- Born: 11 August 1967 (age 58) La Spezia, Italy
- Occupations: Designer, Creative Director
- Known for: Co-founder and Creative Director of Cacao Design
- Notable work: Branding and visual identity projects for Italian and international clients
- Website: cacaodesign.it

= Mauro Pastore =

Italian designer

Mauro Pastore (La Spezia, 11 August 1967) is an Italian designer and co-founder of Cacao Design, a multidisciplinary creative studio based in Milan. He serves as the studio's Creative Director, overseeing projects in branding, communication, packaging, and digital design. He was also the co-founder of Eulda Books, Milano.

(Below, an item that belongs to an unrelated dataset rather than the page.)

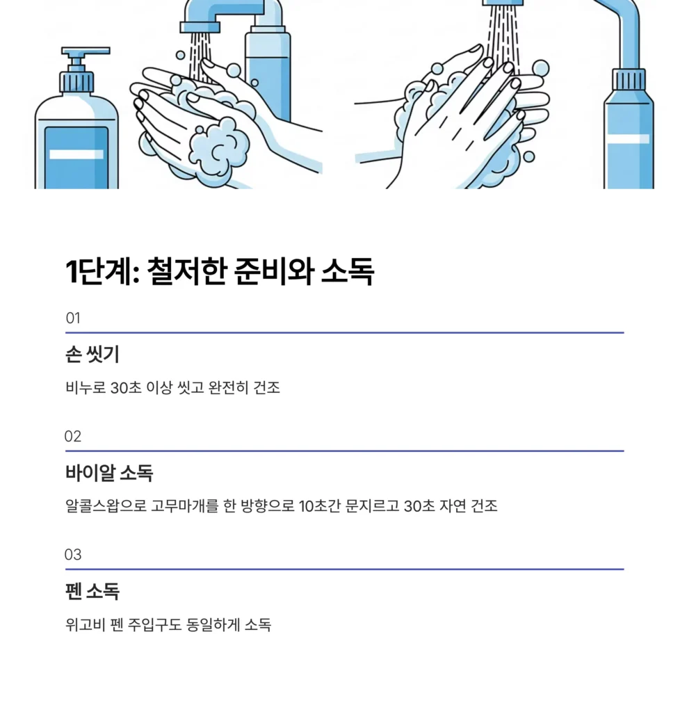가장 중요한 것은 멸균입니다. 모든 준비물은 절대 재사용하지 말고 매번 새것을 사용해야 합니다.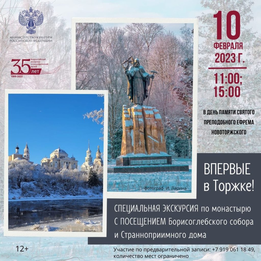 В День памяти Преподобного Ефрема Новоторжского, 10 февраля, Всероссийский историко-этнографический музей проведет бесплатную экскурсию по монастырю с посещением Борисоглебского собора авторства Н. А. Львова. Впервые можно увидеть внутреннее убранство храма, а также уникальные фрески В. Л. Боровиковского. Кроме того, знакомство с жизнью святого Ефрема Новоторжского продолжится в Странноприимном доме. Экскурсия бесплатна, но будем признательны пожертвованиям в пользу монастыря.

He has been active in the Italian design industry for several decades and is known for his collaborative approach with Cacao Design's co-founders Alessandro Floridia and Masa Magnoni.

== Early life and education ==
Pastore was born in La Spezia, Italy on the 11 August 1967.

== Career ==
In 1993, he was one of the founders of Inox Design, a Milanese design firm, where he worked for ten years (1993–2003). Between 1997 and 2002, he also spent one or two months each year as a freelance Senior Designer for Baker Brand Communications in Santa Monica, California and Mucca Design in New York.

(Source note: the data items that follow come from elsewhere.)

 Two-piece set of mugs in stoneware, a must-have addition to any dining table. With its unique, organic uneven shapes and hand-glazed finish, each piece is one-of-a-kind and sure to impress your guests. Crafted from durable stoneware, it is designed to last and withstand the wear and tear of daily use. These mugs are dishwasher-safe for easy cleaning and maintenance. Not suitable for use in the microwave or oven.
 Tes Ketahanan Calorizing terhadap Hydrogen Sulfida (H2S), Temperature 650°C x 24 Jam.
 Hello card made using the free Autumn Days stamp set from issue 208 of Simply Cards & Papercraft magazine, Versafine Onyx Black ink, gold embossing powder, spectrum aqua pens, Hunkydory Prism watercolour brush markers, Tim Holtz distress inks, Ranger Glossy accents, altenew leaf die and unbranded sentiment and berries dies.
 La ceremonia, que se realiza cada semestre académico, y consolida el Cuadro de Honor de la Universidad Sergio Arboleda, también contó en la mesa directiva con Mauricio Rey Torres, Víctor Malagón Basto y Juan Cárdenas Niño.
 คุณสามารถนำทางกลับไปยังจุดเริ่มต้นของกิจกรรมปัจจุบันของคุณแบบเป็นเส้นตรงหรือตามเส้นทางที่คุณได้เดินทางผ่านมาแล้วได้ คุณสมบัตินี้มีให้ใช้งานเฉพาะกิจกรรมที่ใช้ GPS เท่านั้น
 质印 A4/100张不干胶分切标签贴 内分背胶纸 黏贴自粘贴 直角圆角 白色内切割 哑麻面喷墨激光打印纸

In 2004, Pastore co-founded Cacao Design in Milan together with Alessandro Floridia and Masa Magnoni. Since its establishment, the studio has operated as a multidisciplinary agency offering services across branding, naming, visual identity systems, packaging, exhibitions, editorial design, and digital communication.

As creative director, Pastore was instrumental in shaping Cacao Design's distinctive philosophy, expressed by the principle “Essence before Shape.” This concept emphasizes that strategy and brand values should come before visual form in the design process. Under his leadership, the studio has built a diverse portfolio for clients in the real estate, corporate, hospitality, and food industries, including Bizzi & Partners, BNP Paribas CityLife, Coima, Cushman & Wakefield, Generali, Redilco, and Hines.

Projects created under Pastore's creative direction have received multiple awards and international recognition, including honors from the ADI Design Index, the International Design Awards (IDA), the Red Dot Design Award, the Type Directors Club (TDC), D&AD, Graphis, and the Art Directors Club Italiano (ADCI). His work has been published in numerous design annuals and featured in exhibitions dedicated to communication and branding design.

Together with his Cacao Design partners, in 2006, Mauro founded Eulda Books, a new publishing house with the goal of promoting excellence in design through publications of the highest quality. The first publishing project was launched in February 2006, Eulda, the European Logo Design Annual, which as of January ‘08 evolved into Wolda, the Worldwide Logo Design Annual.

== Other positions ==
In addition to his design practice, Pastore has taken part as a juror and speaker in design events and competitions, contributing to discussions on contemporary branding and visual communication in Italy and internationally. In October 2006, Pastore served on the jury for ReBrand 2007, an international design competition.

Mauro Pastore is a professional member of the following associations: AIAP (Associazione Italiana per la Comunicazione Visiva), TDC (Type Directors Club) and AIGA (the professional association for design).

== Recognition ==
Cacao Design's work under Pastore's creative direction has been recognized by international award programs and publications, positioning the studio among notable contributors to contemporary Italian design.

== Personal life ==
Mauro Pastore is based in Milan, Italy.